INSTRUCTIONS FOR THE TASK:
Starting at the first line of the data, please print exactly those lines through the one that holds "Designed in New", omitting every picture.

SOURCE DATA:
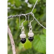 Gül Motifli Gümüş Kazaziye Sallantılı Küpe Siyah
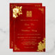 This traditional Chinese wedding invitation features a real gold foil double happiness symbol, Chinese peony flowers and a real gold foil text in a handwritten script and a modern sans serif font.
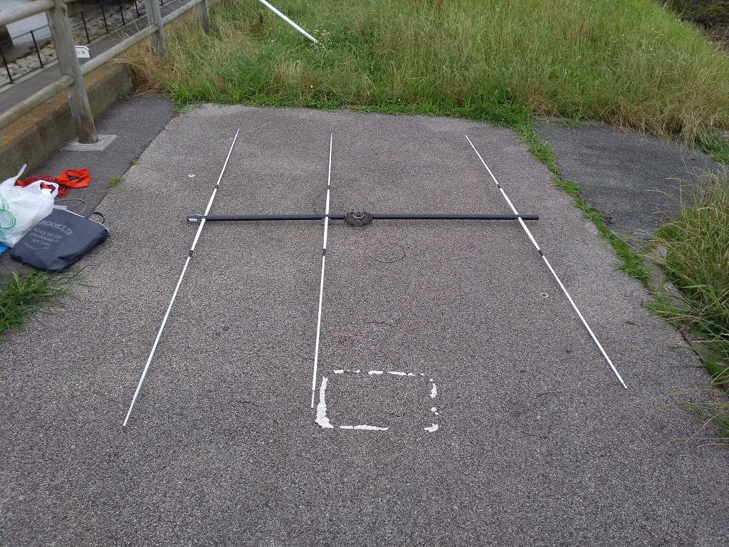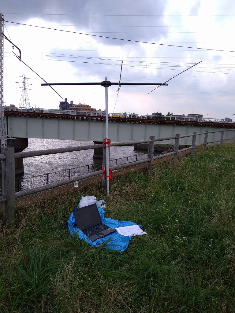 近所の中川放水路の土手へ一式を持ち込んで組み立てました。
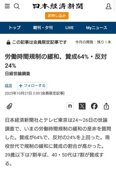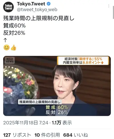 高市首相「労働時間規制に企業が過剰に反応した、本当はもっと働けるだろ」
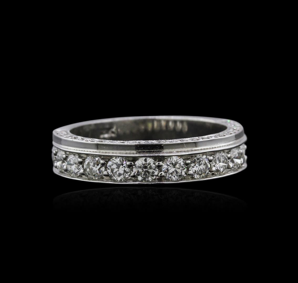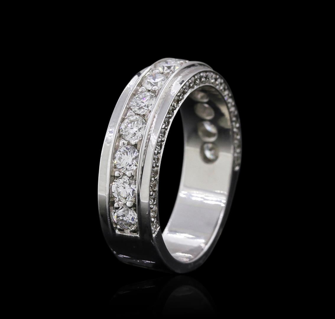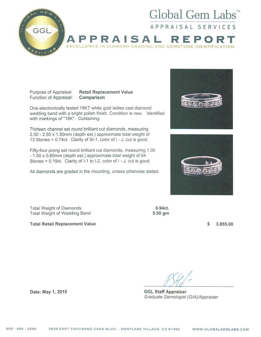 One electronically tested 18KT white gold ladies cast diamond wedding band with a bright polish finish. Identified with markings of "18K". Condition is new. Containing: Thirteen channel set round brilliant cut diamonds, measuring 2.50 - 2.50 x 1.50mm (depth est.) approximate. Total Weight of 13 Stones = 0.74ct. Clarity: SI-1. Color: I - J, Cut is Good. Fifty-Four prong set round brilliant cut diamonds, measuring 1.00 - 1.00 x 0.60mm (depth est.) approximate. Total Weight of 54 Stones = 0.19ct. Clarity: I-1 to I-2. Color: I - J, Cut is Good. All diamonds are graded in the mounting, unless otherwise stated. Total Weight of Diamonds 0.94ct. Total Weight of Wedding Band 5.50 grams. GGL Appraised at $3,655.00.
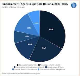 Gli investimenti nel settore Spazio previsti in Italia nel periodo 2021-2026 sono distribuiti su 4 linee:
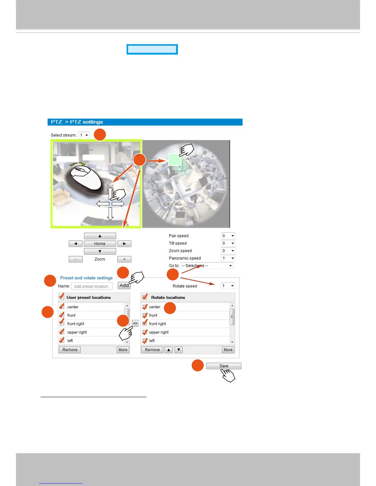 In the PTZ settings page, you can create preset positions in the hemisphere covered by the sheye lens.
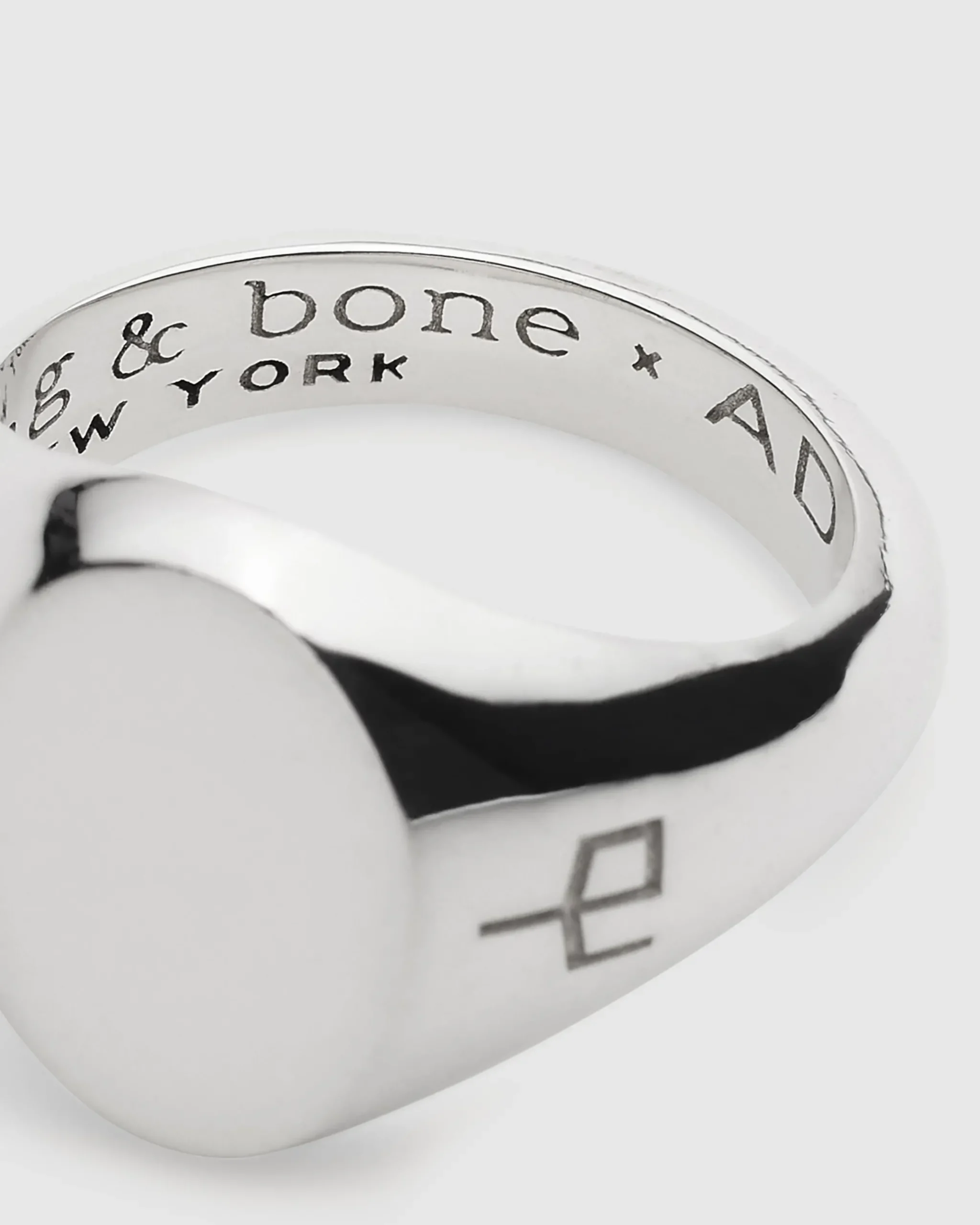 Designed in New York City and made in the USA, this sterling silver signet ring stems from our British DNA. A classic, oval-shaped take on the English symbol of heritage bearing one’s family crest or initials, the heirloom-worthy treasure features a substantial shank and will develop a rich patina with age. It’s finished with an embossed “rb” logo and an engravable face—a blank canvas for the wearer to customize.Introducing rag & bone’s first foray into jewelry. Brought to life in partnership with LA-based designer Alexander AD, this capsule collection expands our rich history in metal work while drawing on our unpretentious New York attitude and reverence for British heritage techniques. This is jewelry distilled to its essence. A singular finishing touch.This is one of several select designs that can be customized exclusively at our West Hollywood and Soho stores.
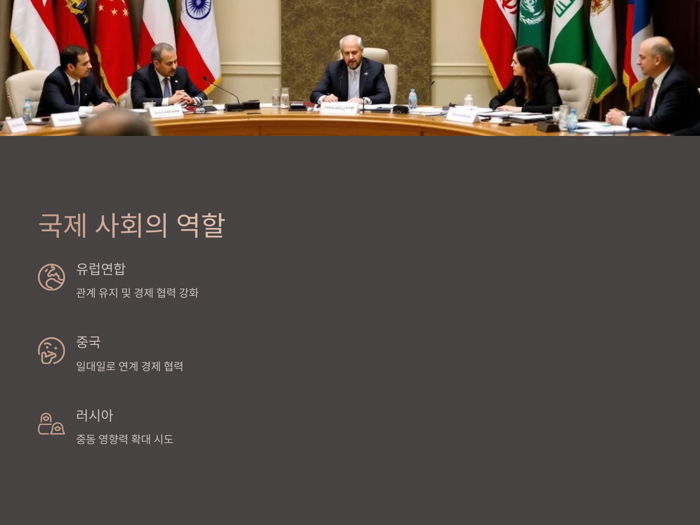 협상 재개에 대한 국제 사회의 반응은 긍정적입니다. 특히, 유럽연합(EU)과 중국은 이란과의 핵 협상에 큰 관심을 보이며, 이를 통한 중동 지역의 안정화를 원하는 입장을 표명했습니다. 유럽연합은 이란과의 관계를 유지하고 경제적으로도 협력을 강화하고자 하는 의지가 강합니다. 중국은 이란과의 경제적 협력을 통해 자국의 일대일로 프로젝트에도 긍정적인 영향을 미치길 원하고 있습니다.
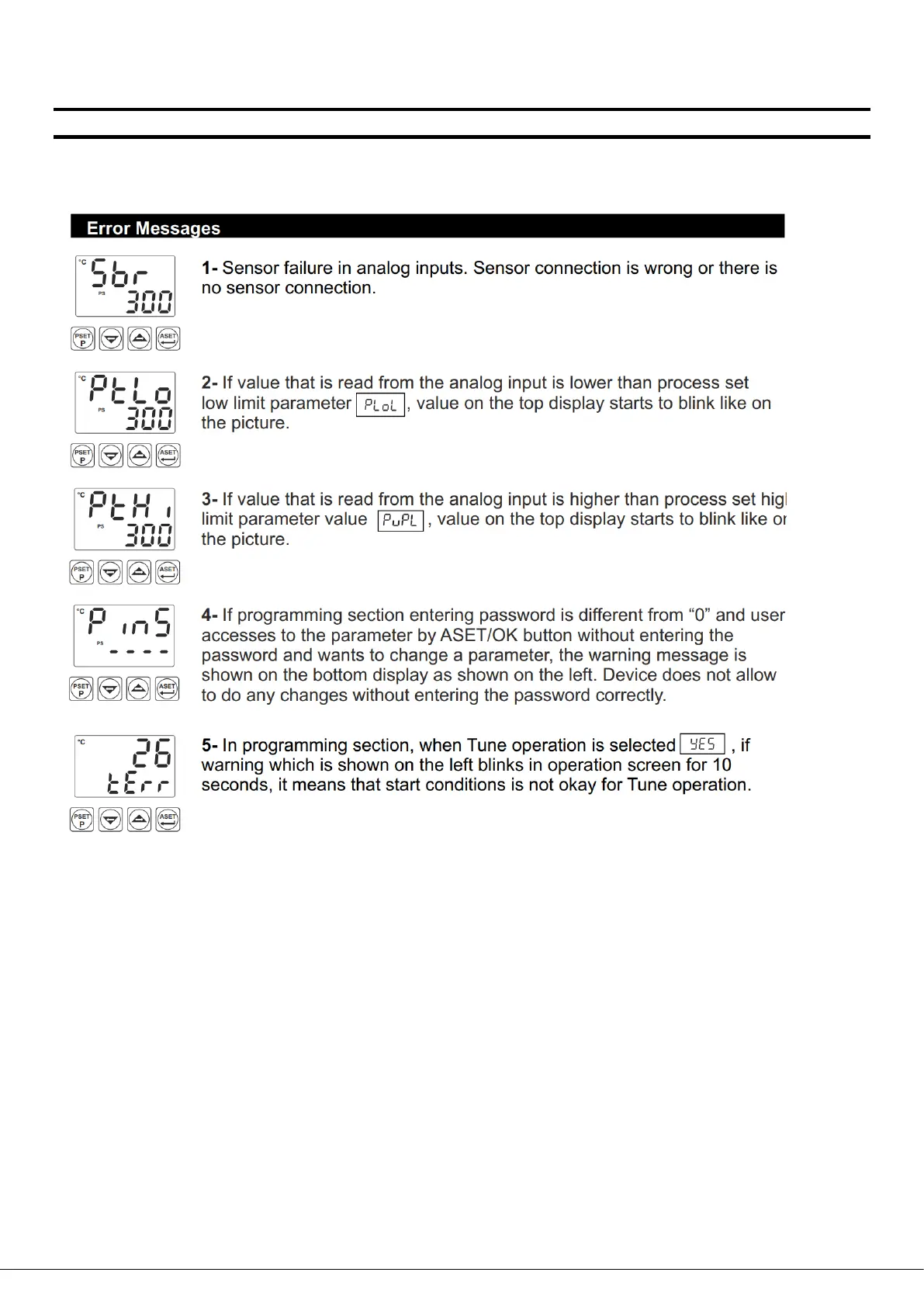 See table below for the error codes that the digital panel may generate in the event of a failure.
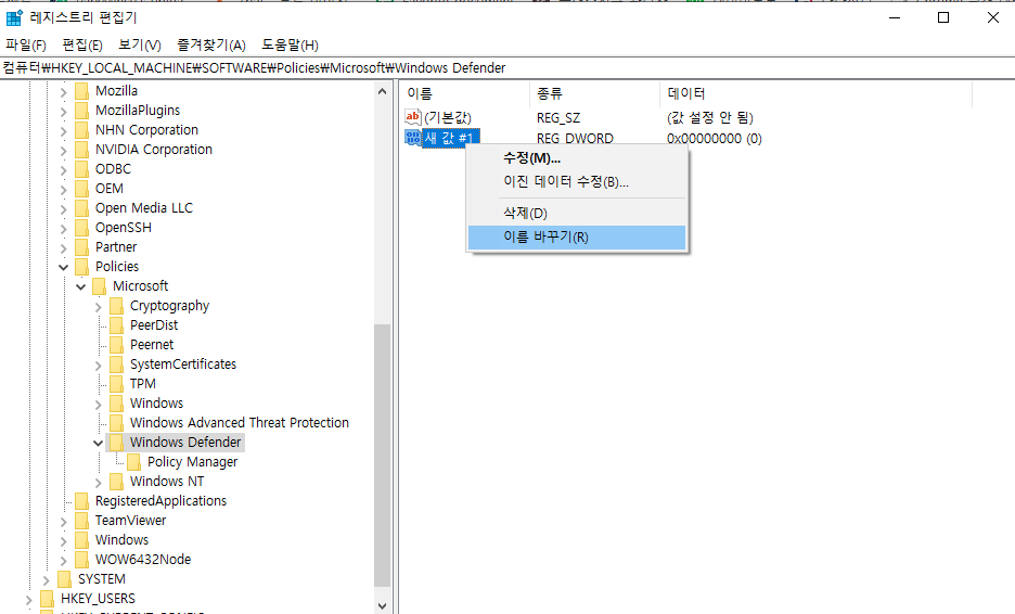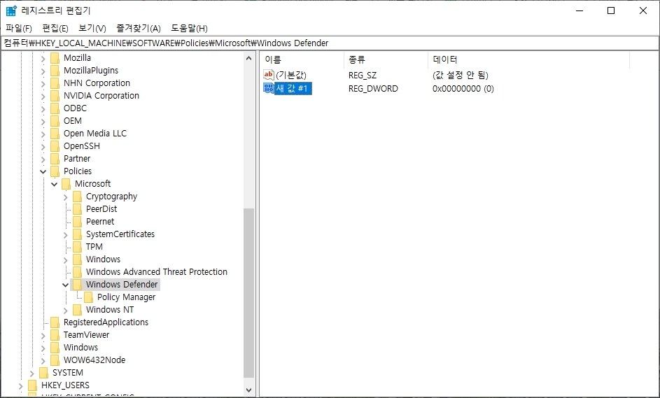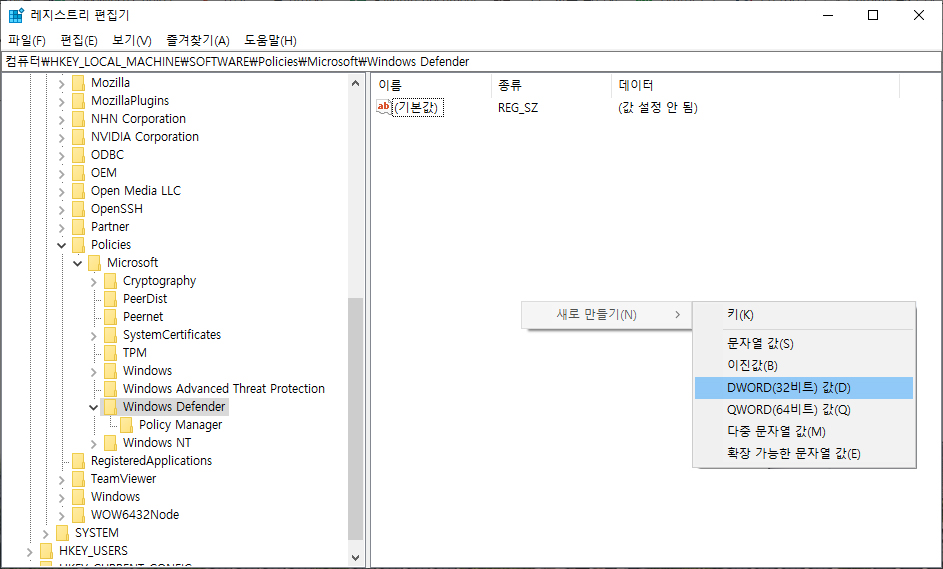 컴퓨터\HKEY_LOCAL_MACHINE\SOFTWARE\Policies\Microsoft\Windows Defender
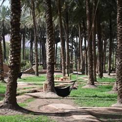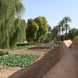 Im Schatten des Baldachins riesiger Dattelpalmen gedeiht alles erdenkliche Gemüse von Auberginen bis zu Zwiebeln, dazu diverse Gewürzpflanzen. Ein Bachlauf plätschert durch die weitläufige Park-Read more
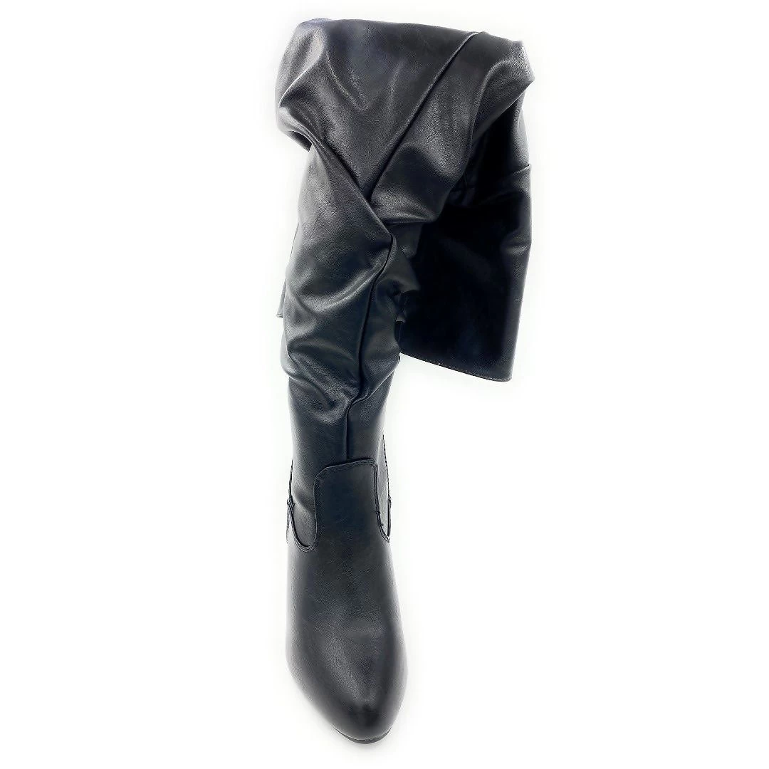 Forever Link Flip-top Slouch Over the Knee High Heel Dress Boots For Women
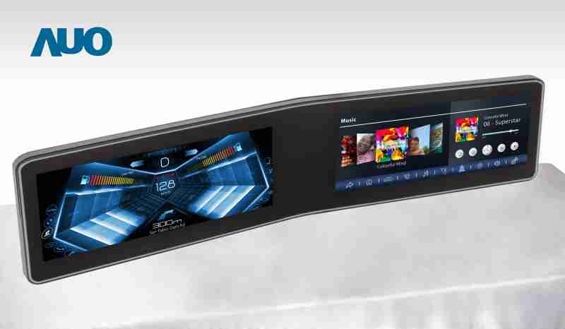 传奇国际 V 型曲面驾驶舱显示器,,,,采全贴合拼接仪表板及中控台显示屏
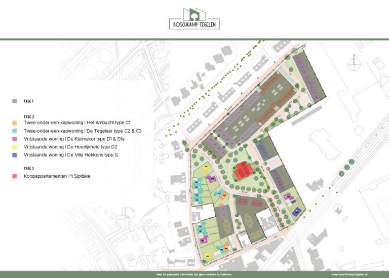 De 16 grondgebonden woningen in fase 2 bestaan uit 10 twee-onder-een-kapwoningen en 6 vrijstaande woningen. De charmante twee-onder-een-kapwoningen worden verdeeld in twee verschillende types: De Tegelaar (type C2 en C3) en Het Ambacht (type C1). De royale vrijstaande woningen worden ook verdeeld in verschillende types waaronder De Kleimaker (type D1), De Heerlijkheid (type D2) en de prachtige Villa Hekkens (type G).
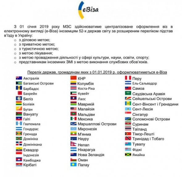 З 1 січня 2019 року МЗС України буде проводити оформлення віз в електронному вигляді для громадян 52-х країн світу. Про це повідомили в прес-службі відомства.
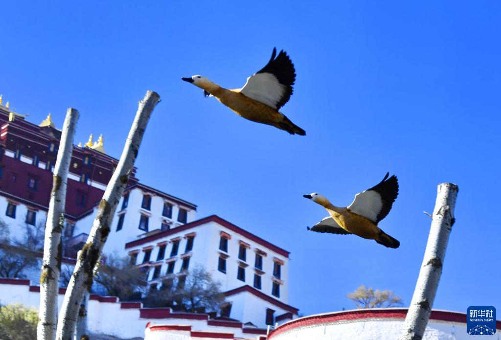 初冬时节,被誉为“日光城”的拉萨晴空万里。布达拉宫脚下的龙王潭公园里,候鸟翔集,生机无限。
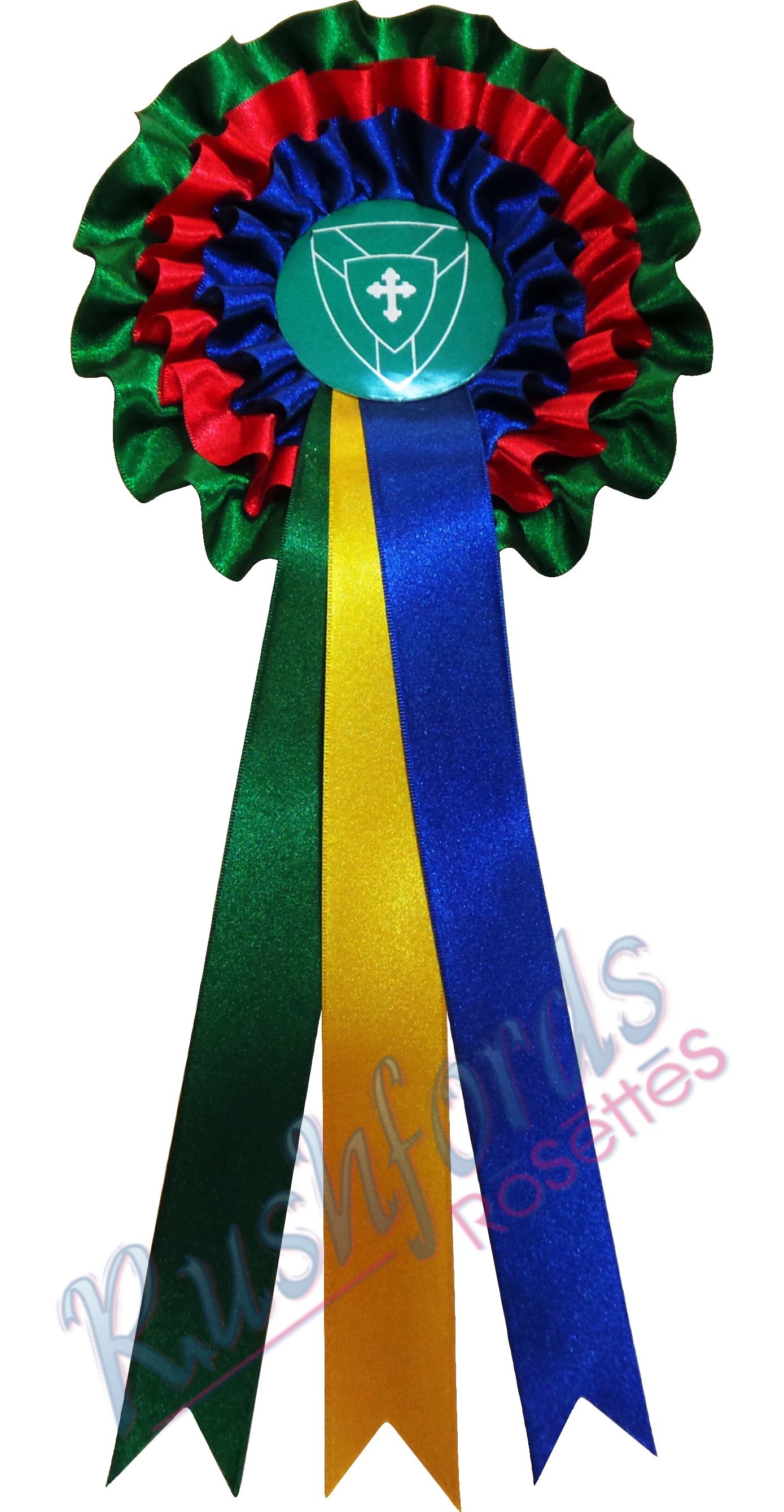 All our rosettes are man-made using top quality 100% satin Ribbons and are available in our entire range of ribbon colours, widths and combinations to ensure that your specific rosette desires can be fully satisfied. Colours shown are for guidance purposes only, we are happy to arrange for samples on request.

ANSWER TO THIS EXERCISE:
 Gül Motifli Gümüş Kazaziye Sallantılı Küpe Siyah
 This traditional Chinese wedding invitation features a real gold foil double happiness symbol, Chinese peony flowers and a real gold foil text in a handwritten script and a modern sans serif font.
 近所の中川放水路の土手へ一式を持ち込んで組み立てました。
 高市首相「労働時間規制に企業が過剰に反応した、本当はもっと働けるだろ」
 One electronically tested 18KT white gold ladies cast diamond wedding band with a bright polish finish. Identified with markings of "18K". Condition is new. Containing: Thirteen channel set round brilliant cut diamonds, measuring 2.50 - 2.50 x 1.50mm (depth est.) approximate. Total Weight of 13 Stones = 0.74ct. Clarity: SI-1. Color: I - J, Cut is Good. Fifty-Four prong set round brilliant cut diamonds, measuring 1.00 - 1.00 x 0.60mm (depth est.) approximate. Total Weight of 54 Stones = 0.19ct. Clarity: I-1 to I-2. Color: I - J, Cut is Good. All diamonds are graded in the mounting, unless otherwise stated. Total Weight of Diamonds 0.94ct. Total Weight of Wedding Band 5.50 grams. GGL Appraised at $3,655.00.
 Gli investimenti nel settore Spazio previsti in Italia nel periodo 2021-2026 sono distribuiti su 4 linee:
 In the PTZ settings page, you can create preset positions in the hemisphere covered by the sheye lens.
 Designed in New York City and made in the USA, this sterling silver signet ring stems from our British DNA. A classic, oval-shaped take on the English symbol of heritage bearing one’s family crest or initials, the heirloom-worthy treasure features a substantial shank and will develop a rich patina with age. It’s finished with an embossed “rb” logo and an engravable face—a blank canvas for the wearer to customize.Introducing rag & bone’s first foray into jewelry. Brought to life in partnership with LA-based designer Alexander AD, this capsule collection expands our rich history in metal work while drawing on our unpretentious New York attitude and reverence for British heritage techniques. This is jewelry distilled to its essence. A singular finishing touch.This is one of several select designs that can be customized exclusively at our West Hollywood and Soho stores.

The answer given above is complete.